» What this task involves
Take the listing below and output it exactly, with no images.
(Information provided Opens)
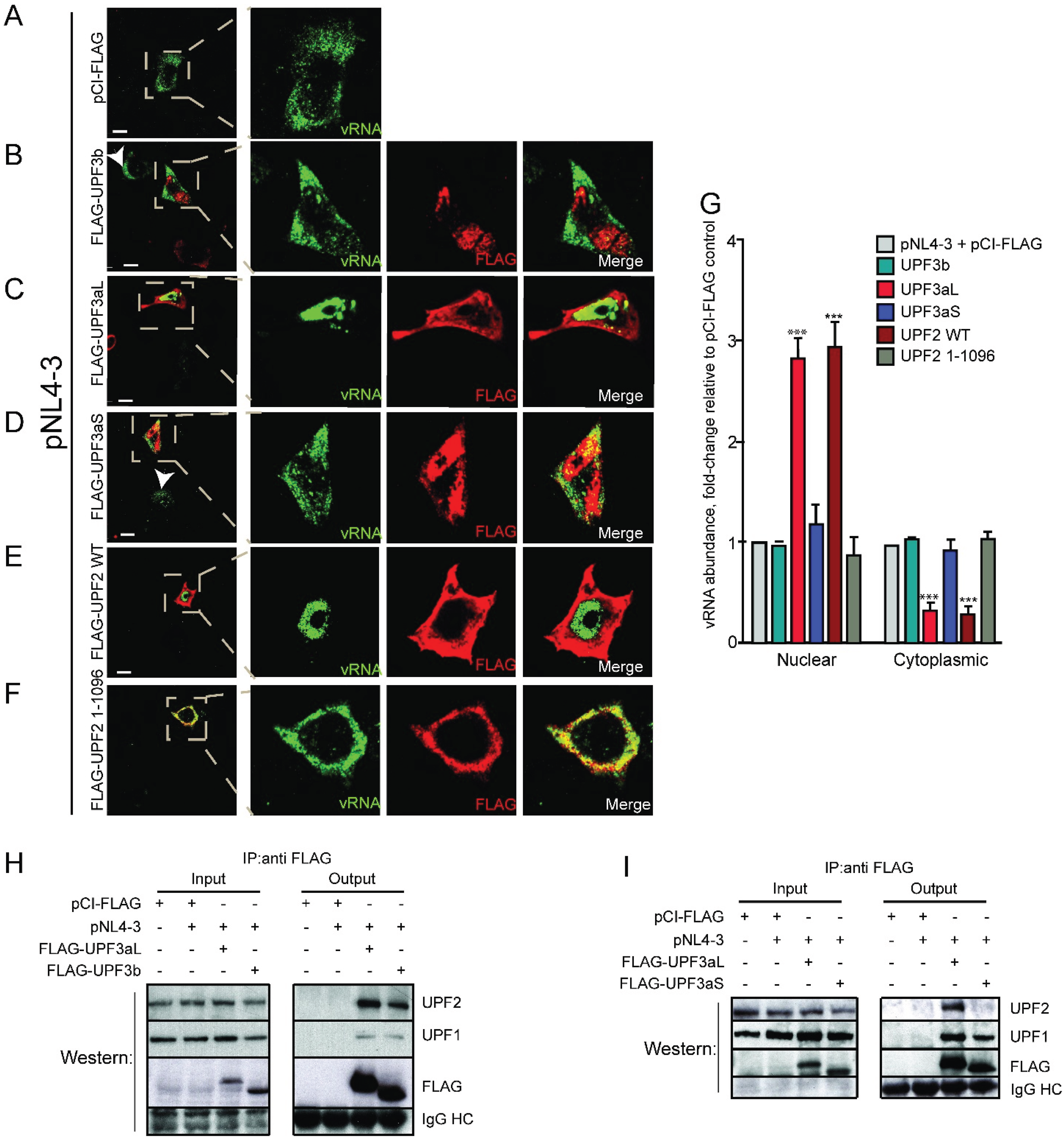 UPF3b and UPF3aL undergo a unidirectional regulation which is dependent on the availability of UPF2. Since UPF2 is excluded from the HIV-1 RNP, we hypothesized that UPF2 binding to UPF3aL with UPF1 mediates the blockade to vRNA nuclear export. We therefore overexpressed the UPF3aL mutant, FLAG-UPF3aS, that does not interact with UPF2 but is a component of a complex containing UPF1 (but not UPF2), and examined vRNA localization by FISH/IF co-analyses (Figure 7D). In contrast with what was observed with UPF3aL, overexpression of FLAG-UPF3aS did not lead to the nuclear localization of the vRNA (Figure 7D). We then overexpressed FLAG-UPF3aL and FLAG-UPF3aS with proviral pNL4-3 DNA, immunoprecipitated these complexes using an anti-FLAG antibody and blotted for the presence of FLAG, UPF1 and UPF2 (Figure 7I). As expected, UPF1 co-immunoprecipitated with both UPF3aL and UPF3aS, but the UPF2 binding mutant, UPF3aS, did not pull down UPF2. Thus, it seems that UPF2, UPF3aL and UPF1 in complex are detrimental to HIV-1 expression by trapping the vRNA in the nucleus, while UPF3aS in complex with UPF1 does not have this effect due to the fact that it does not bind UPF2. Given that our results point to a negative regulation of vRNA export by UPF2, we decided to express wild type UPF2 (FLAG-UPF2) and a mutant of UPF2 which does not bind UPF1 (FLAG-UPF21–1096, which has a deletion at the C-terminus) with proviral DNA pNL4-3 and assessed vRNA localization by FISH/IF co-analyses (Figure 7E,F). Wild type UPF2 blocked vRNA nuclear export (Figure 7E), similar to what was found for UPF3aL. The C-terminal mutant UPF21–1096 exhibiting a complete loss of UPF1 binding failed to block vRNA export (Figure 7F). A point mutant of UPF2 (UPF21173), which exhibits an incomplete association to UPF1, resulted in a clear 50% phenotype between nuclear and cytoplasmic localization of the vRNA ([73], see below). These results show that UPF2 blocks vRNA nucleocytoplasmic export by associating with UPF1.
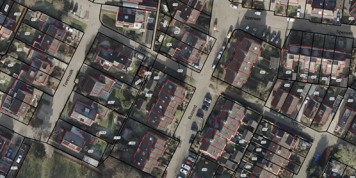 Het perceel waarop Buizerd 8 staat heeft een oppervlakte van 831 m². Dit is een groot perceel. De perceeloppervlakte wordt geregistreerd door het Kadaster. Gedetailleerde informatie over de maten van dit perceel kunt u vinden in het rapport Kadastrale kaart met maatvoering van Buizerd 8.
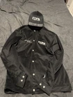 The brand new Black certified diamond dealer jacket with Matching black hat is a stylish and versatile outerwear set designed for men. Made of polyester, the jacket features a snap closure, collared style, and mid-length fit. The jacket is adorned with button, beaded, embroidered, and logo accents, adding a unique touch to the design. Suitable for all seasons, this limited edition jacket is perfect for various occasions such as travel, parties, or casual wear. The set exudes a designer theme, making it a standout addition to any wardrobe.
(Information provided Closes)
» Solution below
 UPF3b and UPF3aL undergo a unidirectional regulation which is dependent on the availability of UPF2. Since UPF2 is excluded from the HIV-1 RNP, we hypothesized that UPF2 binding to UPF3aL with UPF1 mediates the blockade to vRNA nuclear export. We therefore overexpressed the UPF3aL mutant, FLAG-UPF3aS, that does not interact with UPF2 but is a component of a complex containing UPF1 (but not UPF2), and examined vRNA localization by FISH/IF co-analyses (Figure 7D). In contrast with what was observed with UPF3aL, overexpression of FLAG-UPF3aS did not lead to the nuclear localization of the vRNA (Figure 7D). We then overexpressed FLAG-UPF3aL and FLAG-UPF3aS with proviral pNL4-3 DNA, immunoprecipitated these complexes using an anti-FLAG antibody and blotted for the presence of FLAG, UPF1 and UPF2 (Figure 7I). As expected, UPF1 co-immunoprecipitated with both UPF3aL and UPF3aS, but the UPF2 binding mutant, UPF3aS, did not pull down UPF2. Thus, it seems that UPF2, UPF3aL and UPF1 in complex are detrimental to HIV-1 expression by trapping the vRNA in the nucleus, while UPF3aS in complex with UPF1 does not have this effect due to the fact that it does not bind UPF2. Given that our results point to a negative regulation of vRNA export by UPF2, we decided to express wild type UPF2 (FLAG-UPF2) and a mutant of UPF2 which does not bind UPF1 (FLAG-UPF21–1096, which has a deletion at the C-terminus) with proviral DNA pNL4-3 and assessed vRNA localization by FISH/IF co-analyses (Figure 7E,F). Wild type UPF2 blocked vRNA nuclear export (Figure 7E), similar to what was found for UPF3aL. The C-terminal mutant UPF21–1096 exhibiting a complete loss of UPF1 binding failed to block vRNA export (Figure 7F). A point mutant of UPF2 (UPF21173), which exhibits an incomplete association to UPF1, resulted in a clear 50% phenotype between nuclear and cytoplasmic localization of the vRNA ([73], see below). These results show that UPF2 blocks vRNA nucleocytoplasmic export by associating with UPF1.
 Het perceel waarop Buizerd 8 staat heeft een oppervlakte van 831 m². Dit is een groot perceel. De perceeloppervlakte wordt geregistreerd door het Kadaster. Gedetailleerde informatie over de maten van dit perceel kunt u vinden in het rapport Kadastrale kaart met maatvoering van Buizerd 8.
 The brand new Black certified diamond dealer jacket with Matching black hat is a stylish and versatile outerwear set designed for men. Made of polyester, the jacket features a snap closure, collared style, and mid-length fit. The jacket is adorned with button, beaded, embroidered, and logo accents, adding a unique touch to the design. Suitable for all seasons, this limited edition jacket is perfect for various occasions such as travel, parties, or casual wear. The set exudes a designer theme, making it a standout addition to any wardrobe.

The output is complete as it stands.